Our training programme has been developed with the support of the Medicines and Healthcare products Regulatory Authority (MHRA). It is widely recognised by commercial companies as it is readily accessible across the whole of the NHS and sponsors are assured that it meets regulatory requirements. In addition, our GCP training has been added to the list of programmes mutually recognised by TransCelerate member companies.
What is Good Clinical Practice (GCP)?
The principles of ICH-GCP is an international standard for the conduct of clinical research. Undertaking clinical research in compliance with the principles of GCP provides assurance that the rights, safety and well-being of trial subjects are protected, and that the results of the clinical trials are credible and accurate.
What is TransCelerate BioPharma Inc.
TransCelerate BioPharma Inc. is a collaboration of global life-sciences industry companies which aims to find solutions to common issues facing pharmaceutical and biotechnology companies and further improve patient safety.
Ensuring that staff working on clinical research studies receive GCP training of a high standard in each of the countries that life science companies choose to place their research is one such issue. To tackle this, the TransCelerate member companies, (such as GSK, Pfizer, Roche), have developed guidelines for GCP training standards for research teams – including medical, nursing and clinical support staff delivering the clinical research studies.
What does TransCelerate BioPharma Inc recognition mean?
Our GCP training has been added to the list of programmes mutually recognised by TransCelerate member companies. This means that it meets the Minimum Criteria for GCP (see below) Investigator Site Personnel Training identified by TransCelerate BioPharma Inc. as necessary to enable mutual recognition of GCP training among trial sponsors.
In practical terms this means that, when a study is placed at a site in the NHS, if the Principal Investigator and the research team have completed GCP training provided by the NIHR Clinical Research Network, they will not be required to undertake further company-specific GCP training. This will help to streamline study set-up and allow research teams to focus on other important set-up activities such as pre-screening patients.
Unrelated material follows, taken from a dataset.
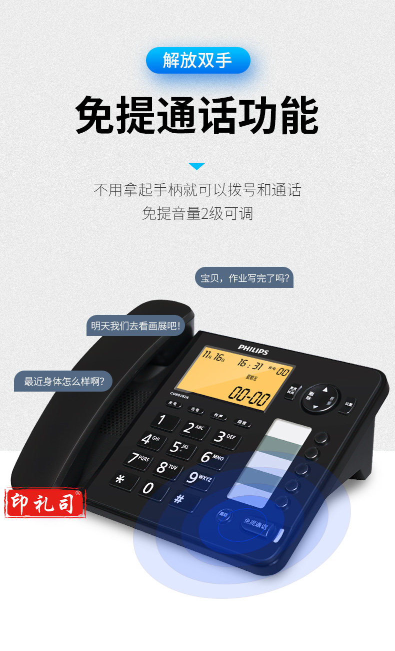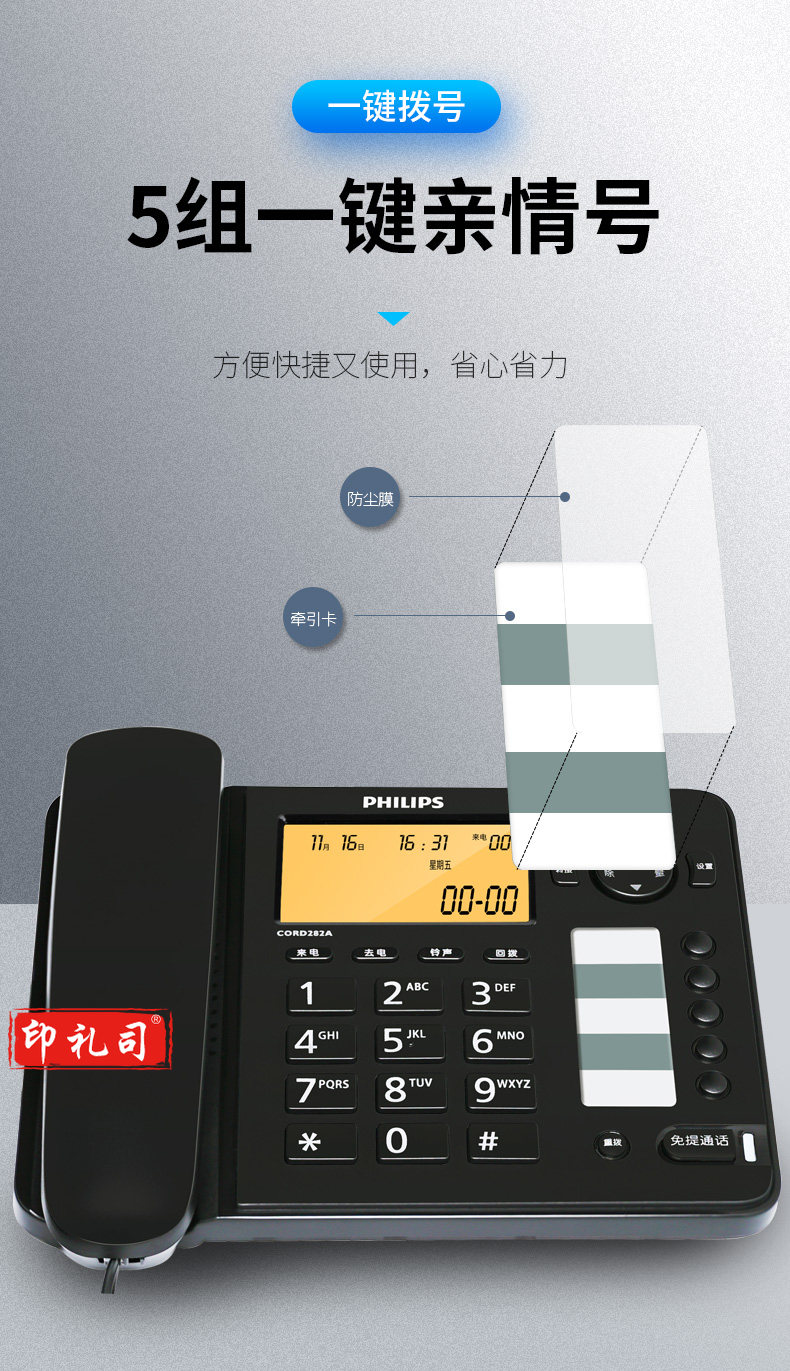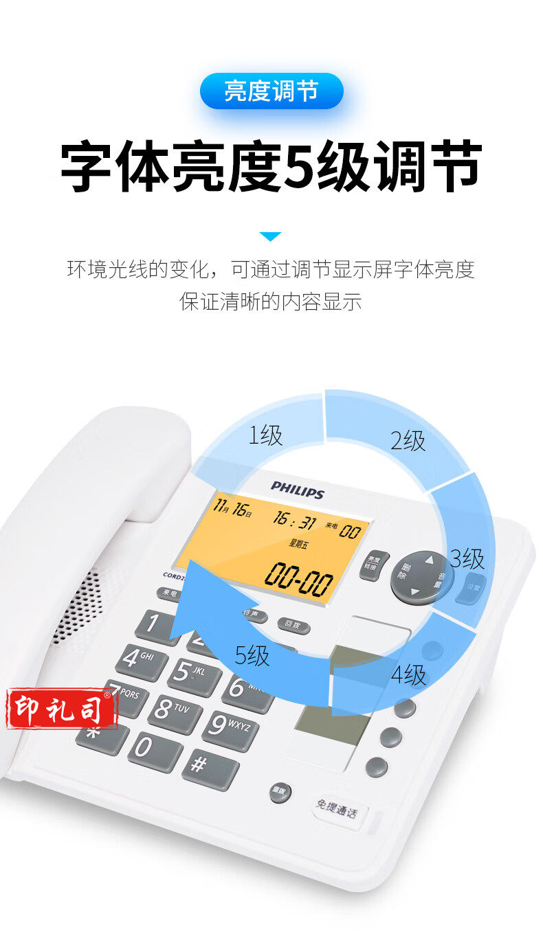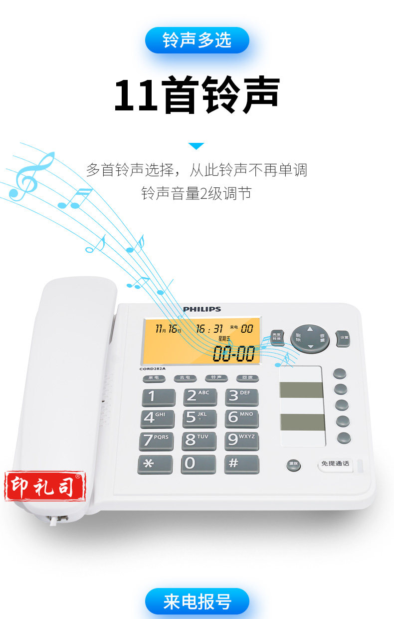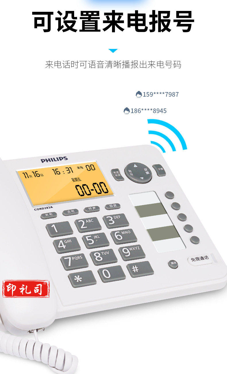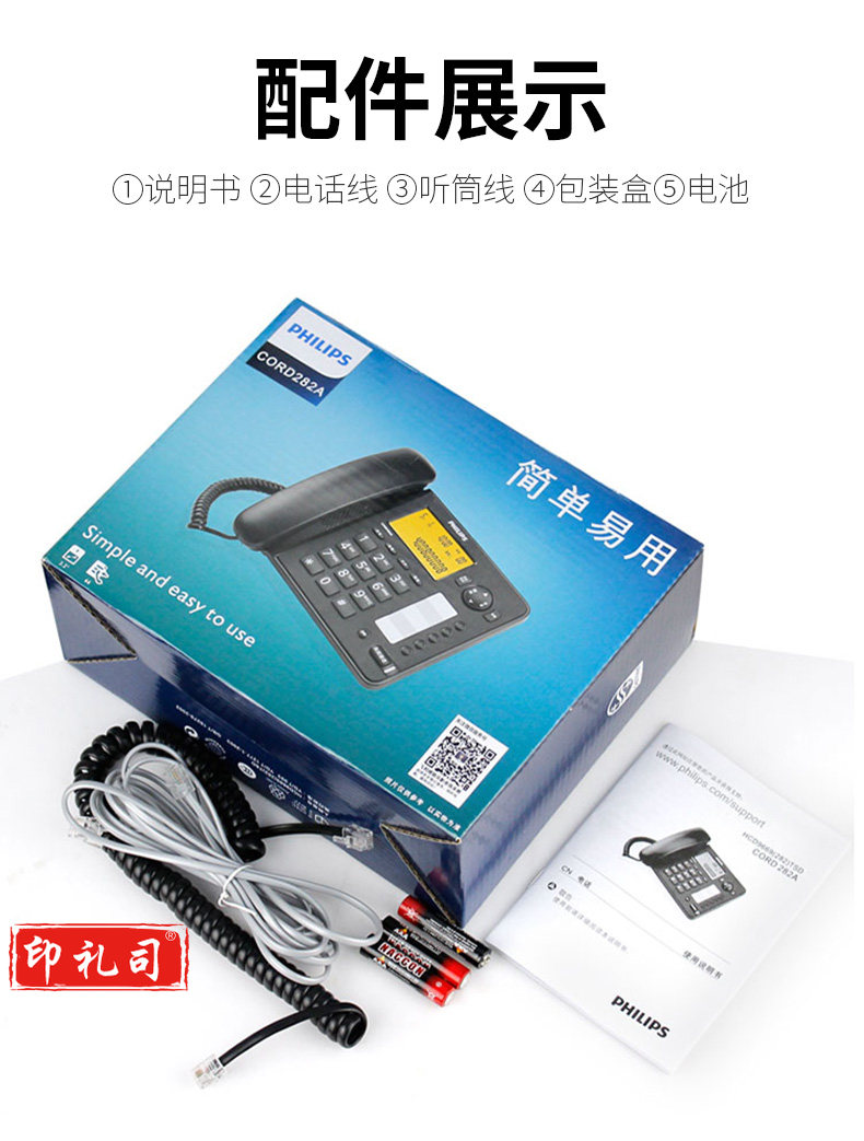 飞利浦(PHILIPS)电话机座机 屏幕橙色背光 CORD282A黑色

In 2014 our GCP training attracted attention outside of the UK and is was rolled out by the Peter MacCallum Cancer Centre, Australia’s only public hospital solely dedicated to cancer treatment, research and education. Sophie Mepham, Head of the Clinical Trials Unit at the Centre said:
“We realised that we had nothing like this programme in Australia. There is so much expertise within the Clinical Research Network and we were very keen to collaborate to embed this programme within our research culture. There was no need to re-invent or re-design it. It’s absolutely fit-for-purpose.”
“Using the GCP training model has made a significant change. Staff who have had the training have an enhanced understanding of the central importance of GCP. We have already used the programme to train 10% of our staff and are confident that this approach will ensure the ongoing high quality of clinical trials at Peter Mac.”